» Data records:
=== Begin Enclosure ===

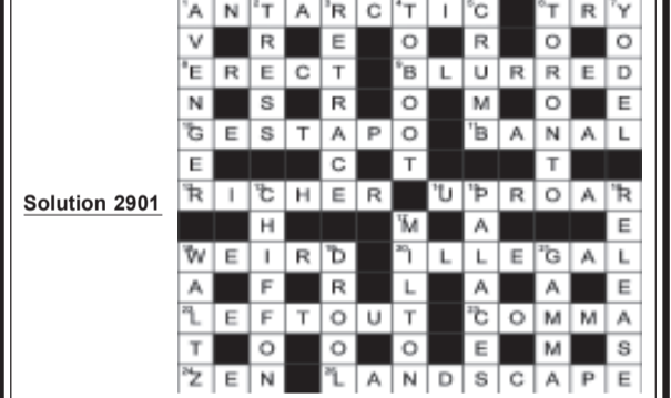
SOLUTION ON NEXT ISSUE

ACROSS 1 Scheme (4) 3 Vindictive (8) 9 Backing (7) 10 Black and white beast (5) 11 Furious (5) 12 Equipment (6) 14 Language of Israel (6) 16 Wager (6) 19 Artist (anag) (6) 21 Rest period (5) 24 Yes, slyly (2-3) 25 Watch attentively (7) 26 Stopped (8) 27 Affirmative votes (4) DOWN 1 Imitative artistic work (8) 2 Greek vowel (5) 4 Small and dainty (6) 5 Theme (5) 6 Organisation of admirers (3,4) 7 Be in front (4) 8 Cartoon spinach eater (6) 13 Devil-may-care (8) 15 Purveyor of meat (7) 17 Waylay (6) 18 In one's own house (2,4) 20 Cricket trophy (5) 22 Ahead of schedule (5) 23 Castro's land (4)
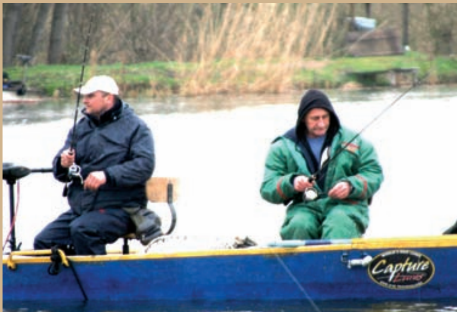
A megszállott horgászként ismert Reviczky Gábor színész (jobb oldalt) is részt vett a versenyen
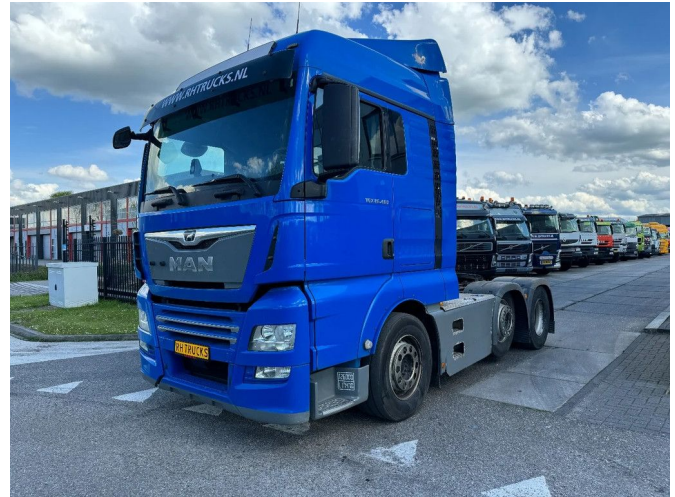
MAN TGX 26.460 XLX 6X2-2 EURO 6 LIFT AXLE
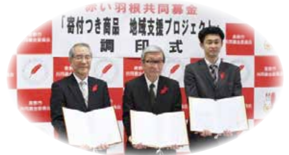
三盛物産様(左)と倉敷市共同募金委員会会長とシャングルーブ(有)シャン様(右)

また、商品・サービスを購入する方は、自分の欲しい物を買うことで地域の福祉活動を支援できるという、企業等、購入者、共同募金会の三者にメリットがある関係づくりを目指すものです。
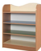
- KASIA 13px
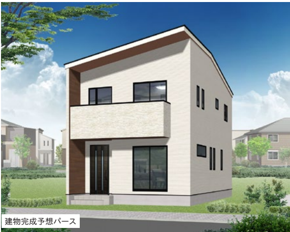
建物完成予想パース
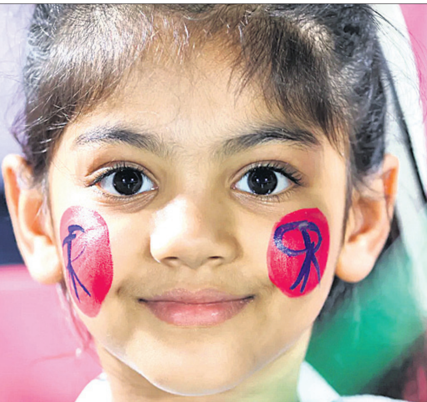
ଜୟପୁରଠାରେ ଅନୁଷ୍ଠିତ ସନରାଇଜର୍ସ ହାଇଦ୍ରାବାଦ ବିପକ୍ଷ ଆଇପିଏଲ୍ ମ୍ୟାଚରେ ଜଣେ ରାଜଗୁମ୍ଫା ରୟାଲ୍ ସମର୍ଥକ।

ସଂକ୍ଷିପ୍ତ ସ୍ୱାଭାବ ରାଜଗୁମ୍ଫା ରୟାଲ୍ ୨୦ ଓଭରରେ ୨୧୪/୨ (କୋର୍ ବଟଲର-୯୫, ସଞ୍ଜୁ ସାମସନ-୬୬, ଯଶସ୍ୱୀ ଜୟସାଲ-୩୫, ମାର୍କୋ କାନସେନ୍-୧/୪୪, ଭୁବନେଶ୍ୱର କ୍ଲବ-୧/୪୪)। ସନରାଇଜର୍ସ ହାଇଦ୍ରାବାଦ ୨୦ ଓଭରରେ ୨୧୭/୬ (ଅଭିଷେକ ଶର୍ମା-୫୫, ରାହୁଲ ତ୍ରିପାଠୀ-୪୭, ଅନମୋଲପ୍ରାପ୍ତ ସି-୩୩, ୟୁଜିସିଏସ୍ ଚହଲ-୪/୨୯, ଆର୍. ଅଶ୍ୱିନ-୧/୩୫, କୁଲଦୀପ ସାଦବ-୧/୫୦)।

=== End Enclosure ===

Reproduce every line of the data above, exactly as it stands, but not the pictures.

» Exercise answer:
SOLUTION ON NEXT ISSUE

ACROSS 1 Scheme (4) 3 Vindictive (8) 9 Backing (7) 10 Black and white beast (5) 11 Furious (5) 12 Equipment (6) 14 Language of Israel (6) 16 Wager (6) 19 Artist (anag) (6) 21 Rest period (5) 24 Yes, slyly (2-3) 25 Watch attentively (7) 26 Stopped (8) 27 Affirmative votes (4) DOWN 1 Imitative artistic work (8) 2 Greek vowel (5) 4 Small and dainty (6) 5 Theme (5) 6 Organisation of admirers (3,4) 7 Be in front (4) 8 Cartoon spinach eater (6) 13 Devil-may-care (8) 15 Purveyor of meat (7) 17 Waylay (6) 18 In one's own house (2,4) 20 Cricket trophy (5) 22 Ahead of schedule (5) 23 Castro's land (4)
A megszállott horgászként ismert Reviczky Gábor színész (jobb oldalt) is részt vett a versenyen
MAN TGX 26.460 XLX 6X2-2 EURO 6 LIFT AXLE
三盛物産様(左)と倉敷市共同募金委員会会長とシャングルーブ(有)シャン様(右)

また、商品・サービスを購入する方は、自分の欲しい物を買うことで地域の福祉活動を支援できるという、企業等、購入者、共同募金会の三者にメリットがある関係づくりを目指すものです。
- KASIA 13px
建物完成予想パース
ଜୟପୁରଠାରେ ଅନୁଷ୍ଠିତ ସନରାଇଜର୍ସ ହାଇଦ୍ରାବାଦ ବିପକ୍ଷ ଆଇପିଏଲ୍ ମ୍ୟାଚରେ ଜଣେ ରାଜଗୁମ୍ଫା ରୟାଲ୍ ସମର୍ଥକ।

ସଂକ୍ଷିପ୍ତ ସ୍ୱାଭାବ ରାଜଗୁମ୍ଫା ରୟାଲ୍ ୨୦ ଓଭରରେ ୨୧୪/୨ (କୋର୍ ବଟଲର-୯୫, ସଞ୍ଜୁ ସାମସନ-୬୬, ଯଶସ୍ୱୀ ଜୟସାଲ-୩୫, ମାର୍କୋ କାନସେନ୍-୧/୪୪, ଭୁବନେଶ୍ୱର କ୍ଲବ-୧/୪୪)। ସନରାଇଜର୍ସ ହାଇଦ୍ରାବାଦ ୨୦ ଓଭରରେ ୨୧୭/୬ (ଅଭିଷେକ ଶର୍ମା-୫୫, ରାହୁଲ ତ୍ରିପାଠୀ-୪୭, ଅନମୋଲପ୍ରାପ୍ତ ସି-୩୩, ୟୁଜିସିଏସ୍ ଚହଲ-୪/୨୯, ଆର୍. ଅଶ୍ୱିନ-୧/୩୫, କୁଲଦୀପ ସାଦବ-୧/୫୦)।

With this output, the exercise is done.